In my head, it's "Gummy Fledge", but I have no idea if that's correct :lol:


----------



## Cookies (Dec 10, 2008)

Fentum said:


> Curses!
> 
> This does me no good at all - reading those words ^ with a picture of Frankie Howerd next door  There's half a mouthful of tea on the keyboard as about twenty double entendres went through my mind.
> 
> P


Well, Peter, if you need another double entendre, I'll give you one.

Try the veal....



Sent from my SM-G950F using Tapatalk


----------



## cole_scirocco (Mar 5, 2012)

Gunna try and snaffle some of the Auto Glym product!

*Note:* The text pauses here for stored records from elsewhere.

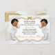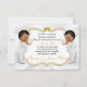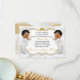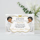 Vackert pojke i sitt döpande halsband mellan kostym och guld kor. Inbjudan har sin bakgrund i vit satäng med guld och silver glitter ram och förskönande av buken. Baksidan är försedd med guld-blomman mönster & guld på en vit satinbakgrund.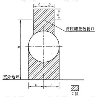 以儲罐安全放散閥放散管管口為中心,當管口高度h距地坪大于4.5m時,半徑b為3m,頂部距管口a為5m(當管口高度h距地坪小于等于4.5m時,半徑b為5m,頂部距管口a為7.5m)以及管口到地坪以上的范圍為2區(qū)。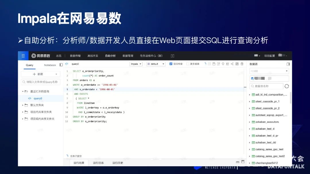 导读:Impala是Cloudera公司主导开发的交互式查询系统,它提供SQL语义和计算能力,但是本身并不存储数据。本次分享会聚焦于Impala在网易内部的一些新实践,以及基于Impala 3.4版本所做的优化和改进。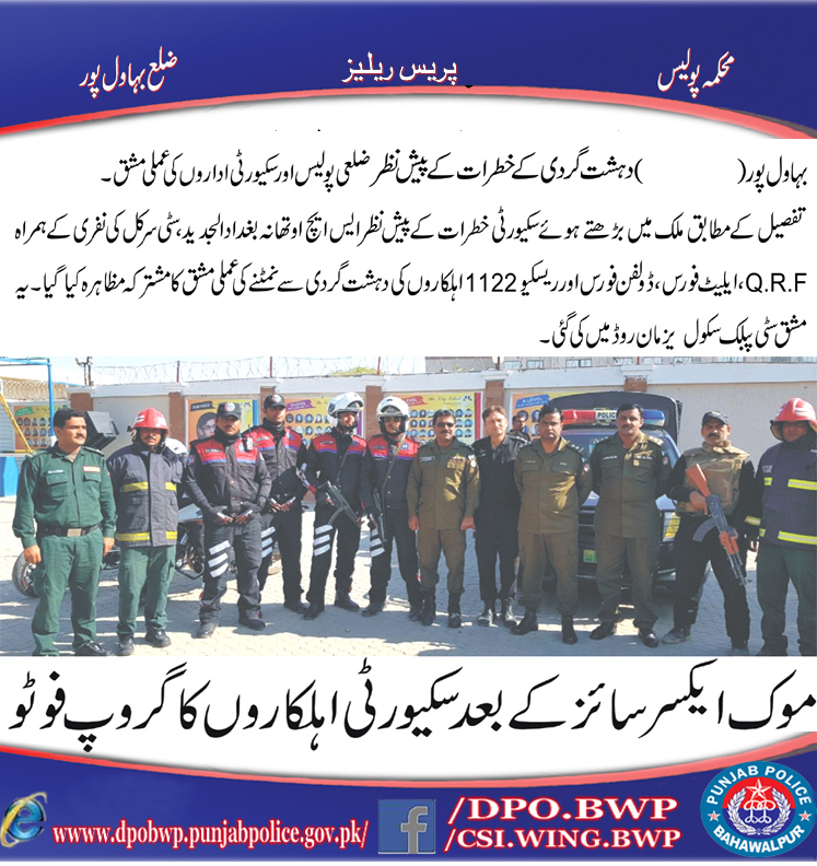 دہشت گردی کے خطرات کے پیش نظر ضلعی پولیس اور سکیورٹی اداروں کی عملی مشق۔

My company car keeps freezing something rotten, perks of it being a company car is I don't care about it... the personal cars however are a different story and I need a permanent fix for them!


----------



## MagpieRH (May 27, 2014)

Cyclonetog said:


> In my head, it's "Gummy Fledge", but I have no idea if that's correct :lol:


:Lol:
I think it's goo-me (like a northerner saying gummy) pf-lay-ger
Any German-speakers care to chip in?


----------



## Fentum (May 1, 2017)

MagpieRH said:


> :Lol:
> I think it's goo-me (like a northerner saying gummy) pf-lay-ger
> Any German-speakers care to chip in?


That's broadly how I pronounce it when buying the stuff in a German or Swiss auto factor/garage (I often stock up on Koch Chemie stuff etc on my way to Italy).

The trouble is the bottle lasts so long, that it's not really something to practise easily:lol:.


----------



## enc (Jan 25, 2006)

Cyclonetog said:


> In my head, it's "Gummy Fledge", but I have no idea if that's correct :lol:


Yeah, that's what I think. My current bottle I ordered online so it was never an issue


----------